6. The imaging system as set forth in claim 5 wherein the memory aliasing means further includes an address generating means for generating additional address fractions to complete the fraction of each fractional address from the processor means, the address generator means being operatively connected with the digital filter means to provide the generated additional address fractions thereto.

7. The imaging system as set forth in claim 6, wherein the memory aliasing means further includes a clock means for clocking the address generator means and the multiplexer means to send the additional address fractions and the digital filter values to the digital filter means at a faster rate than a clocking rate of the processor means.

8. The imaging system as set forth in claim 5 wherein the digital filter means includes a look-up table that is selectively loaded with digital filter values.

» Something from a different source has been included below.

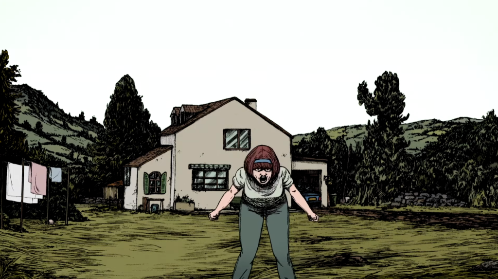 Ön planda kurumuş otların kapladığı, dalgalı bir arazi. Ortasında yere uzanmış, genç bir kadın. Yüzünü göremiyoruz. Baktığı yer, muhtemelen, uzaktaki ve ufuk çizgisindeki o eve doğru. Ama sanki bir taraftan da ahıra bakıyor gibi? Tam olarak emin olmak zor. Gerçi, olmamız da gerekmiyor. Buradaki mevzu, o yerin, o gidilmek istenen yerin, yani evin, ulaşılması güç bir mesafeye olan denkliği.

9. A method of diagnostic imaging comprising:

non-invasively examining a selected internal region of a patient and generating an image representation of the interior region;

digitally filtering each pixel value of the image representation with digital filter values of a digital filter function to create filtered image data;

displaying the filtered image data on a video monitor;

during at least one of vertical flyback and retrace portions of a video cycle of the monitor, changing the digital filter function, the step of changing the digital filter function including:

concurrently providing a fraction of an address designation to the digital filter and using each address fraction to retrieve a digital multi-byte group of data containing a plurality of digital filter values from a source of digital filter values;

separating each multi-byte group into the contained plurality of digital filter values;

generating a plurality of additional address fractions corresponding to the address fraction used to retrieve each multi-byte group, each of the additional address fractions corresponding to one of the digital filter values separated from the multi-byte group;

concurrently supplying each of the additional address fractions and the corresponding digital filter value for serially loading each of the plurality of the filter values of the retrieved multi-byte group into the filter function to replace previous digital filter values.

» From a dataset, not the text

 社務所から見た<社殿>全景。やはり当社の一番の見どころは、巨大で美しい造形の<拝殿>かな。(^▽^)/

10. Am imaging method comprising:

digitally filtering each pixel value of an image representation with digital filter function composed of filter values loaded in a look-up table to create filtered image data;

displaying the filtered image data on a video monitor;

during at least one of vertical flyback and retrace portions of a video cycle of the video monitor, changing the digital filter function, the step of changing the digital filter function including:

concurrently providing a first fraction of an address to the look-up table and retrieving a digital multi-byte group of data containing a plurality of filter values from a source of digital filter values;

separating the plurality of filter values;

generating additional fractions of the address corresponding to the plurality of separated filter values;

serially supplying each of the separated filter values concurrently with the corresponding additional fractions of the address to the look-up table to replace the digital filter value at the address designation designated by a combination of the first fraction of the address and the additional fraction of the address.

11. The imaging system as set forth in claim 4 wherein the first fraction of each address includes the most significant bits of the address and wherein the additional address fractions include the least significant bits of the addresses.

12. The method as set forth in claim 10 wherein the first fractions of the addresses include the most significant bits and the additional fractions of the addresses include the least significant bits of the addresses.